Il plonge en vain: le vase supposé N’est pas dans l’eau. De forces épuisé L’homme remonte; hors du puits il s’élance Et reconnoît sa credule innocence:
Le petit traître avoit dépaysé39 soustrait
Son just’aucorps.
24 La danse des Poissons
Par la douceur du son de sa musette Certain pêcheur d’humeur assez solette, Veut engager les Poissons d’un ruisseau A faire un bal. Mais l’humide troupeau Ne goûte pas la douce chansonnette. Il chante en vain, c’est en vain qu’il repete, La troupe est sourde aussi bien que muete. Peut-on toucher les habitans de l’eau Par la douceur?
Las de fluter, dans ses filets qu’il jette Il les prend tous; étendus sur l’herbette On voit sauter la carpe et le barbeau. Certaines gens ont un certain cerveau Dont on n’obtient jamais ce qu’on souhaite Par la douceur.
25 L’Idole
39 Ce participe a ici le sens de ‘soustrait’, ‘emporté’, ‘volé’.
On s’en étonne et l’on en parle en vain, C’est un secret, un mistere divin. L’homme de bien gémit dans la misere. Le méchant rit et fait fort bonne chere. C’est un abîme à tout esprit humain. Un idolâtre offroit chaque matin Voeux et presens à l’autel de Jupin Et cependant vivoit en pauvre here. On s’en étonne.
Il se rebute et pressé de la faim; Contre l’Idole il s’emporte à la fin. « Je t’ai, dit-il, trop servi sans salaire, Idole ingrate ». Il la jette par terre; Du tronc brisé tombe un riche butin: On s’en étonne.
26 La Nourrice et le Loup
« Fiez-vous-y, comptez sur ma promesse, Si vous criez, par ma foi, je vous laisse Manger au Loup ». Le Loup, qui l’entendit, Vient promptement pour manger le petit. A le chasser la nourrice s’empresse. Il s’en retourne au bois plein de tristesse. « Oh, Dieu! dit-il, qu’une femme est traîtresse: Je la croyois à son serment maudit,
Fiez-vous-y ».
Pauvres amans, c’est à vous qu’il s’adresse. Vous languissez aux pieds d’une maîtresse, Vous l’adorez lorsqu’elle vous trahit. Vous la croyez, parce qu’elle vous dit,
«C’est pour vous seul que j’ai de la tendresse, Fiez-vous-y ».

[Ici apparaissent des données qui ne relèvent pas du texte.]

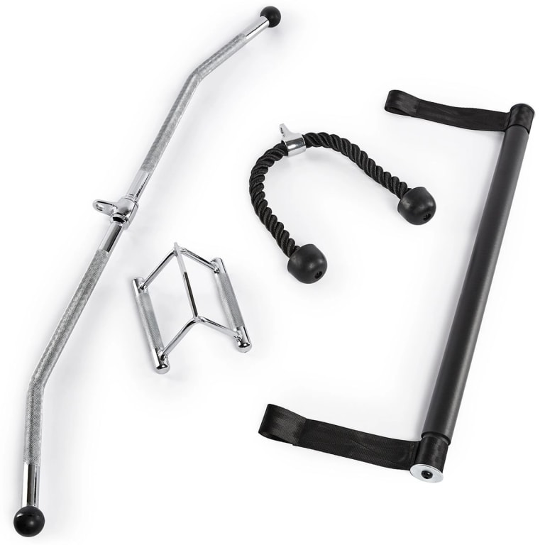 Includes training accessories such as lat pull-down bar, rowing handle, tricep rope and straight bar for squats.
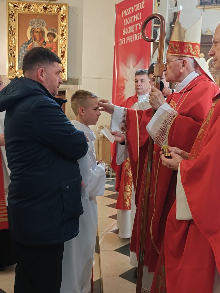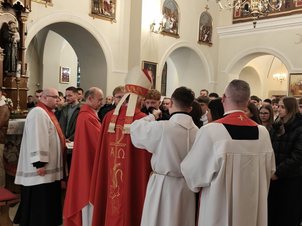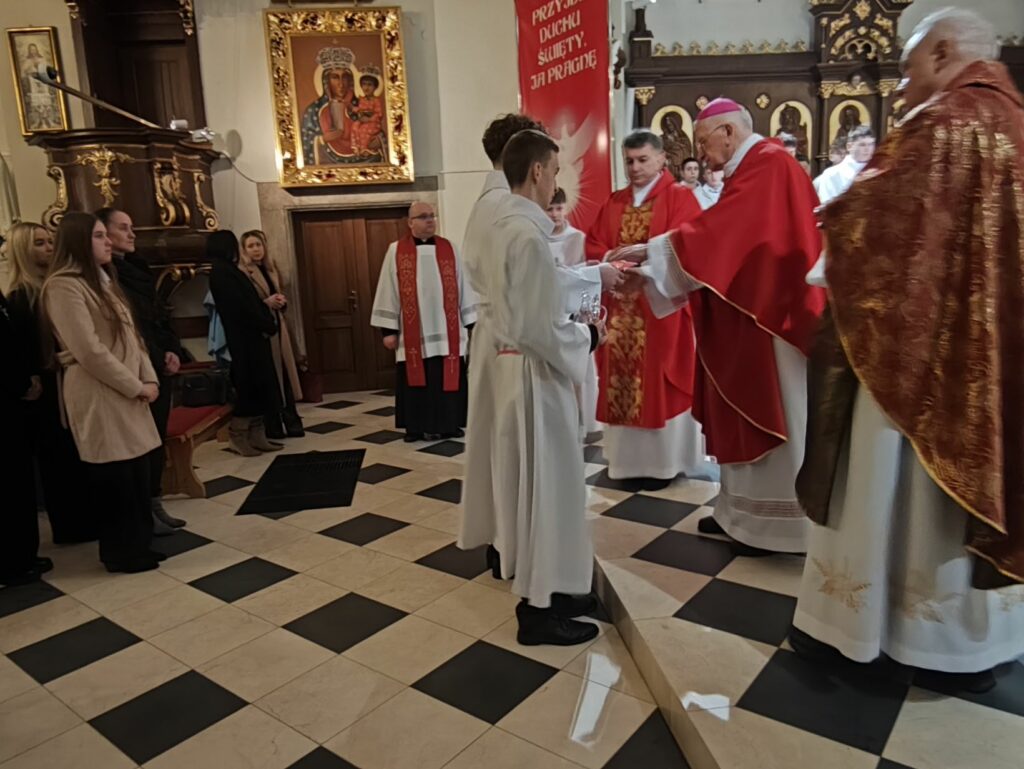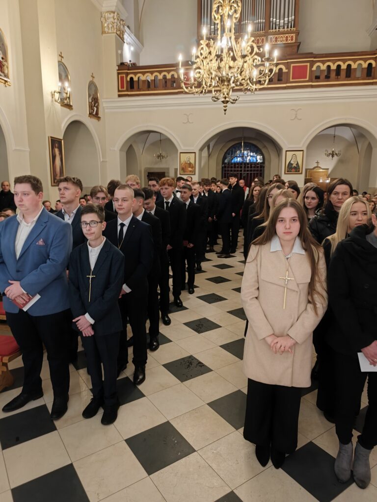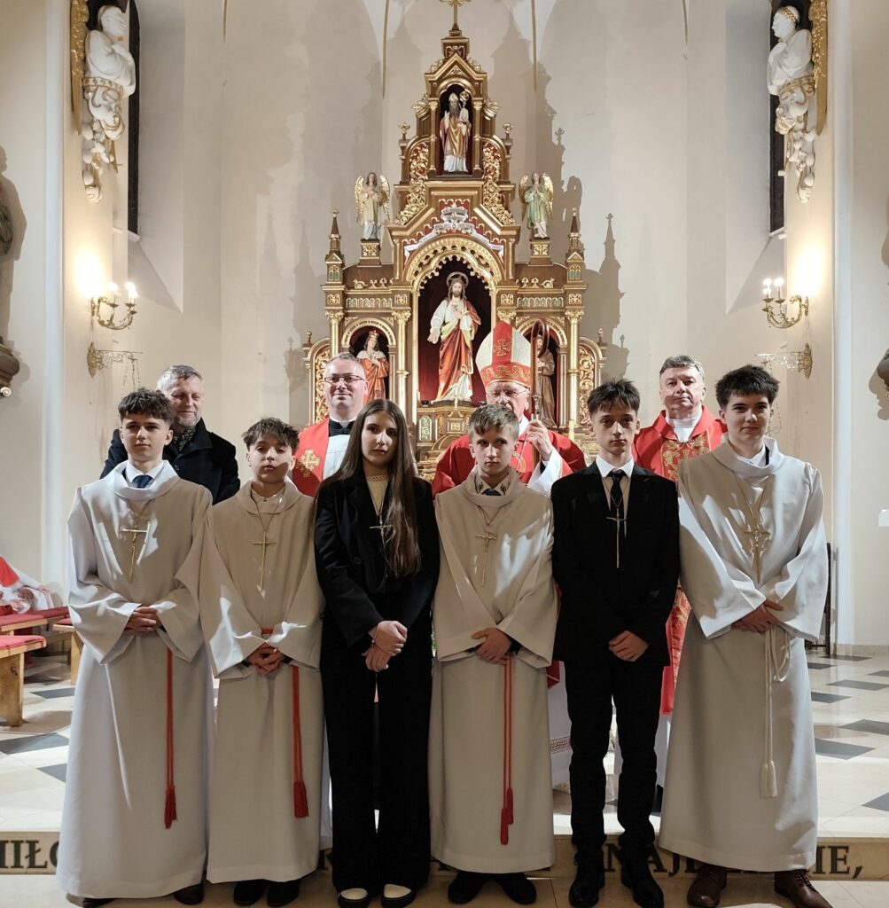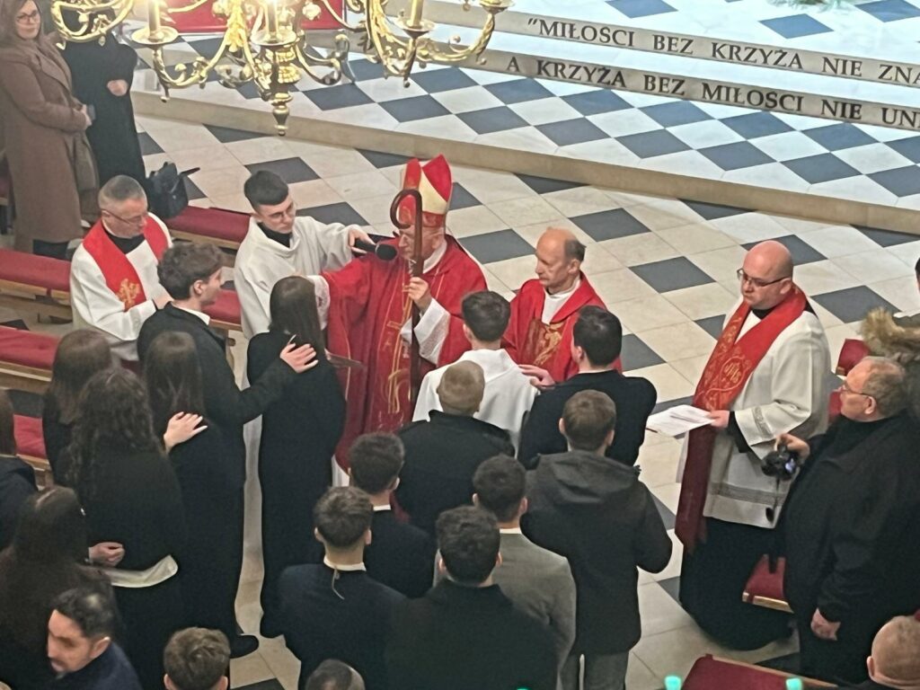 Ósmoklasiści z Bytomska (10), Rozdziela ( 6), Żegociny ( 23) i Kamionnej( 16) otrzymali 17 lutego sakrament bierzmowania, którego udzielił im abp Henryk Józef Nowacki. Sakrament dojrzałości przyjęło 55 młodych ludzi. Do tego sakramentu dojrzałości przygotowywali młodzież naszej parafii w SP Rozdziele – ks. Piotr Klóska, a w SP Żegocina i w SP Bytomsko – Ks. Robert Osak. On też przygotował młodzież parafii do uroczystości bierzmowania przez kilkudniowe spotkania w kościele, Słowo Boże i próby. O udzielenie sakramentu dojrzałości kandydatom poprosiła najpierw delegacja rodziców Państwo Anna i Wojciech Wrona – a w imieniu Parafii Żegocina i Kamionna ks. proboszcz Bogusław Pasierb, który złożył oświadczenie, że kandydaci dobrze przygotowali się do tego sakramentu, będącego uzupełnieniem chrztu świętego. Mszę świętą razem z ks. Biskupem celebrowali księża proboszczowie parafii Kamionna i Żegocina, ks. dziekan dekanatu lipnickiego Ryszard Kołodziej, ks. Jan Wąchała, ks. Mariusz Berko oraz ks. Zbigniew Kępa – nasz rodak pochodzący z Żegociny. Na zakończenie nabożeństwa ks. biskup udzielił pasterskiego błogosławieństwa, a młodzież podziękowała mu i wszystkim, którzy pomogli jej w drodze do sakramentu. Na pamiątkę tego ważnego wydarzenia bierzmowani otrzymali książki, z podpisem ks. Biskupa, które będą im przypominały ten dzień. Na zakończenie wykonano pamiątkowe zdjęcia.

27 Le Laboureur et son potage
Il y revient à son petit menage, Le vilageois sortant du labourage. En arrivant il se met sur son lit Puis il se leve avec bon apétit, Etend la nappe et dresse son potage. Mangeant trop vite, il se brule, il enrage. « Au diable soit, dit-il, le tripotage ». Mais cependant la soupe réfroidit Il y revient.
Un pauvre amant qu’une infidele engage Voudroit sortir de son triste esclavage Et fait souvent éclatter le dépit.
Mais c’est en vain que le malheureux dit « Non, je ne veux plus voir cette volage! »: Il y revient.
28 Le Dragon et l’enclume
« Finis ton projet par l’enclume A qui ce dragon plein d’écume S’efforce d’entamer la peau, Me dit la muse au gay museau, A ce métier ne t’accoutume. Vois ce Dragon, il se consume ; Ainsi trop de toi ne présume, Mais soient tes vers par ce rondeau Finis ».
Toutefois mon feu se ralume Et je vais retailler ma plume Pour un dessein rare et nouveau. Muse, fais qu’il soit bon et beau, C’est le dernier de ce volume, Finis.